The forests are Darr’s second line of defense. Many an enemy has faltered here, poisoned by snakes or weakened by disease or worn down by the endless, strangling vines. My people have always taken advantage of this, seeding the forests with wisewomen who know how to hide and strike and fade back into the brush, like leopards.

But times have changed, and this time the enemy has brought a special weapon—a scrivener. Once this would have been unheard of in High North; magic is an Amn thing, deemed cowardly by most barbarian standards. Even for those nations willing to try cowardice, the Amn keep their scriveners too expensive to hire. But of course, that is not a problem for an Arameri.

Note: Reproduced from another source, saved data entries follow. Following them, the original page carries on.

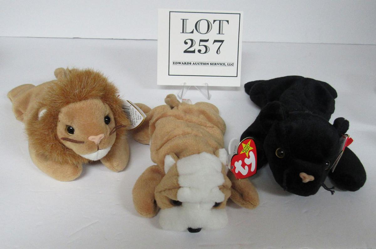 3 Vintage Beanie Babies:  Roary the Lion, Velvet the Black Panther, Wrinkle the Dog
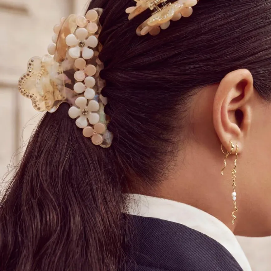 Florina Hairclaw fra Maanesten er en vakker hårklype som bringer sommerlige vibber til frisyren din. Med sine tredimensjonale blomstermotiver og fine farger gir den et friskt og feminint uttrykk. Den er laget av slitesterkt acetat og jern med miljøvennlig elektrobelegg, noe som sikrer både stil og funksjonalitet. Perfekt for å holde håret på plass med en lett og elegant følelse – enten til hverdags eller spesielle anledninger.
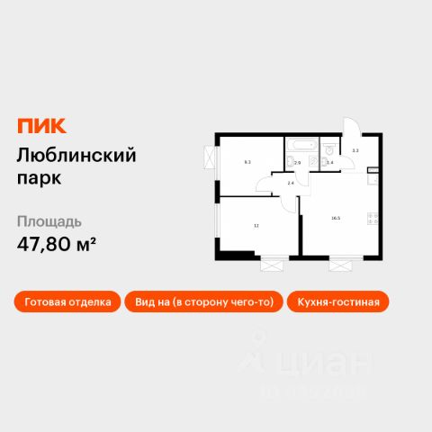 Проектная площадь с учетом лоджии составляет 66.18 м², жилая: комната 1-16,85 м², комната 2-15,98 м², лоджия- 3,90 м².
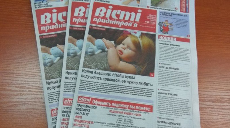 Или в отделе подписки «Вістей Придніпров’я» за телефоном (056) 778-21-44 или по электронной почте t.ovchatova@gmail.com
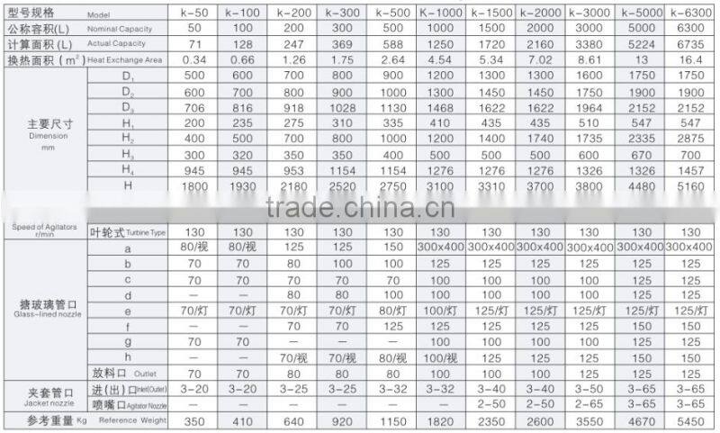 2, Major dimensions of the KF type reactors conform to the National Standard for Glass-lined
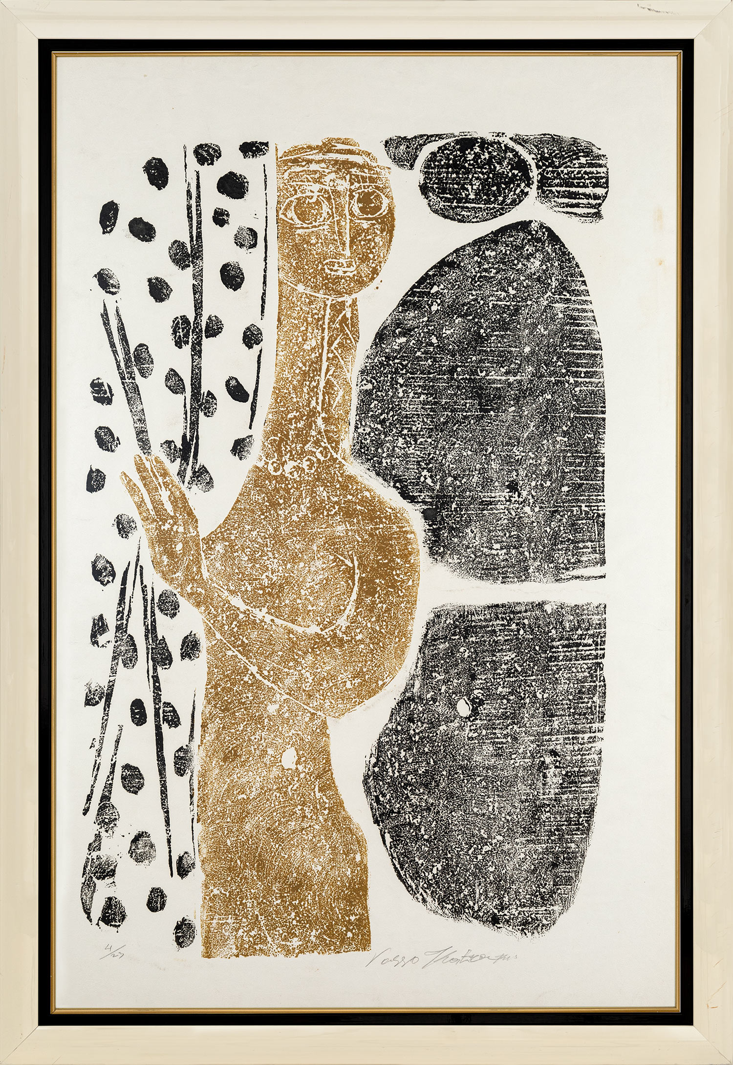 Χάραγμα σε πέτρα (έγχρωμο), 825 x 540 mm. Έκδοση σε 23 αντίτυπα, αρίθμηση και υπογραφή στο κάτω περιθώριο με μολύβι. Σε κορνίζα.
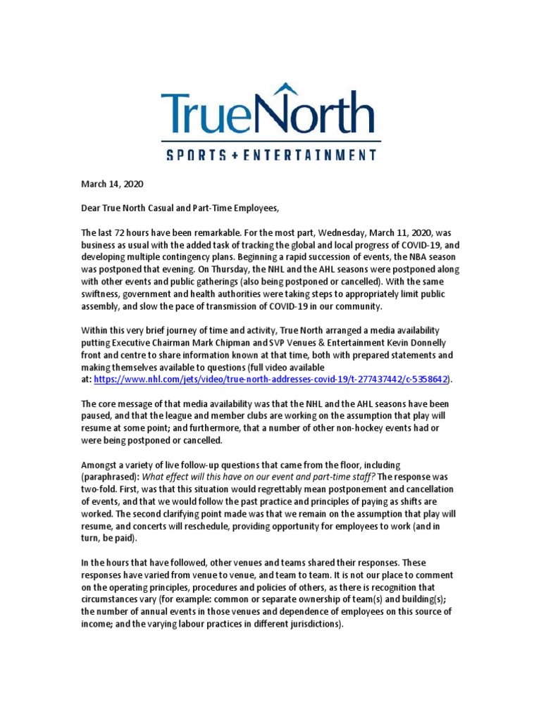 True North Casual Part Time Employees To Be Paid Despite Event
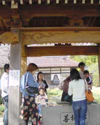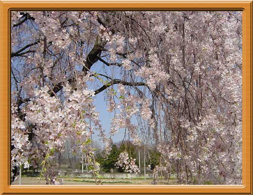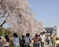| 実相寺山門からは満開の枝垂れさくらが見えます。 | ソメイヨシノと枝垂れさくらの競演 | 山門付近の枝垂れさくら、順番待ちで記念撮影です。 |

(Stupid, stupid me. I have money. I could have sent a scrivener to fight on Darr’s behalf. But in the end, I am still a barbarian; I did not think of it, and now it is too late.)

The scrivener, some contemporary of Viraine’s, draws sigils on paper and pastes these to a few trees, and steps back. A column of white-hot fire sears through the forest in an unnaturally straight line. It goes for miles and miles, all the way to the stone walls of Arrebaia, which it smashes against. Clever; if they had set the whole forest afire, it would have burned for months. This is just a narrow path. When it has burned enough, the scrivener sets down more godwords, and the fire goes out. Aside from crumbling, charred trees and the unrecognizable corpses of animals, the way is clear. The enemy can reach Arrebaia within a day.

There is a stir at the edge of the forest. Someone stumbles out, blinded and half-choked by smoke. A wisewoman? No, this is a man—a boy, not even old enough to sire daughters. What is he doing out here? We have never allowed boys to fight. And the knowledge comes: my people are desperate. Even children must fight, if we are to survive.

The enemy soldiers swarm over him like ants. They do not kill him. They chain him in a supply cart and carry him along as they march. When they reach Arrebaia, they mean to put him on display to strike at our hearts—oh, and how it will. Our men have always been our treasures. They may slit his throat on the steps of Sar-enna-nem, just to rub salt in the wound.

I should have sent a scrivener.

The ballroom of Sky: a vast, high-ceilinged chamber whose walls were even more vividly mother-of-pearl than the rest of the palace, and tinted a faint rose hue. After the unrelenting white of the rest of Sky, that touch of color seemed almost shockingly vivid. Chandeliers like the starry sky turned overhead; music drifted through the air, complicated Amn stuff, from the sextet of musicians on a nearby dais. The floors, to my surprise, were something other than Skystuff: clear and golden, like dark polished amber. It could not possibly have been amber since there were no seams, and that would have required a chunk of amber the size of a small hill. But that was what it looked like.